[Tutor] List methods inside a dictionary of list

[Rafael Turner]

I did not understand the behavior of array multiplication. In fact, I
just now learned what it was called thanks to your email.

Best wishes,
Rafael

On Mon, Jul 11, 2011 at 9:33 AM, Brett Ritter <swiftone at swiftone.org> wrote:
> On Mon, Jul 11, 2011 at 9:26 AM, Rafael Turner
> <steven.rafael.turner at gmail.com> wrote:
>> I am playing lists and dictionaries and I came across this
>> counter-intuitive result.
>>
>>>>> d = dict(zip(['a', 'q', 'c', 'b', 'e', 'd', 'g', 'j'],8*[[0]]))
> ...
>>>>> d['a'].__setitem__(0,4)
> ...
>>
>> I was not expecting all the keys to be updated.
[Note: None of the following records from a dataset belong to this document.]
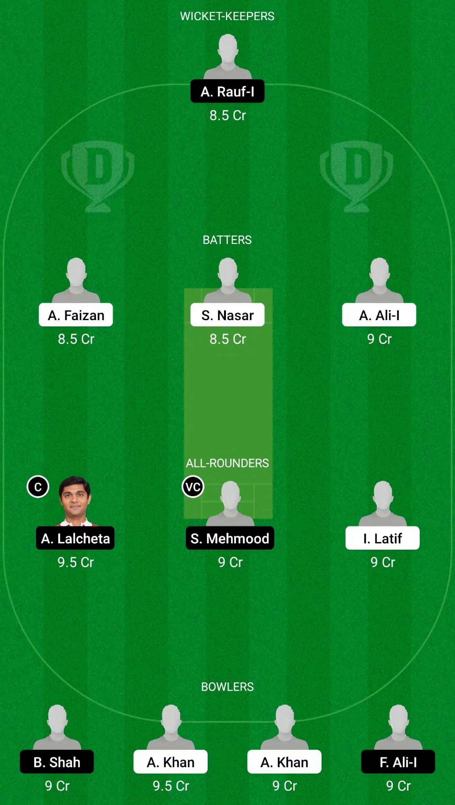 Fantasy Suggestion #1: A. Rauf, A. Ali, S. Nasar, A. Faizan, A. Lalcheta, S. Mehmood, I. Latif, B. Shah, A. Khan, F. Ali, A. Khan
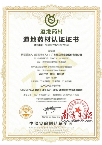 另外5家取得道地药材证书的企业分别是罗定市连州镇利华玉桂种植专业合作社、广东荣兴香料科技有限公司、罗定市新越桂中药材种植专业合作社、罗定市兴伟香料有限公司、罗定市粤桂实业有限公司,获得认证的产品有肉桂、肉桂油、桂枝等。
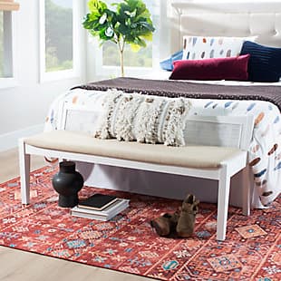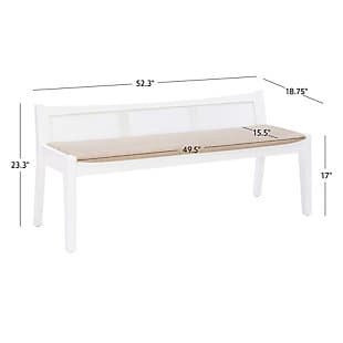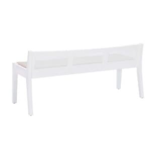 Impressive design allows this bench with a low profile back to fit in numerous places in your home. The woven rattan cane back combines with the linen padded seat made to create an inviting resting spot in your entryway, bathroom or at the foot of a bed. The frame in a lustrous white paint finish provides an elegant, yet sturdy foundation that you'll enjoy for years to come.

Is there any
>> documentation I could read on how different datatypes' methods and
>> operators interact differently when inside a dictionary?  I would also
>> like to find a way of being able to use list methods in side a
>> dictionary so that
>
> As has been mentioned, this isn't the dictionary doing anything weird,
> this is that "8*[[0]]" gives you a list of 8 references to the same
> list.  You can play with just that part and see that that's the source
> of your issue.
>
> To achieve what you are trying, try this instead:
>
> d = dict([(x,[0]) for x in ['a', 'q', 'c', 'b', 'e', 'd', 'g', 'j']])
>
> Can you understand how this behaves differently than 8*[[0]] ?  Check
> the Python docs for array multiplication if you're confused, but the
> basic idea is that "[0]" isn't getting evaluated freshly for every
> piece in the array for 8*[[0]], but in a list comprehension it is.
> --
> Brett Ritter / SwiftOne
> swiftone at swiftone.org
>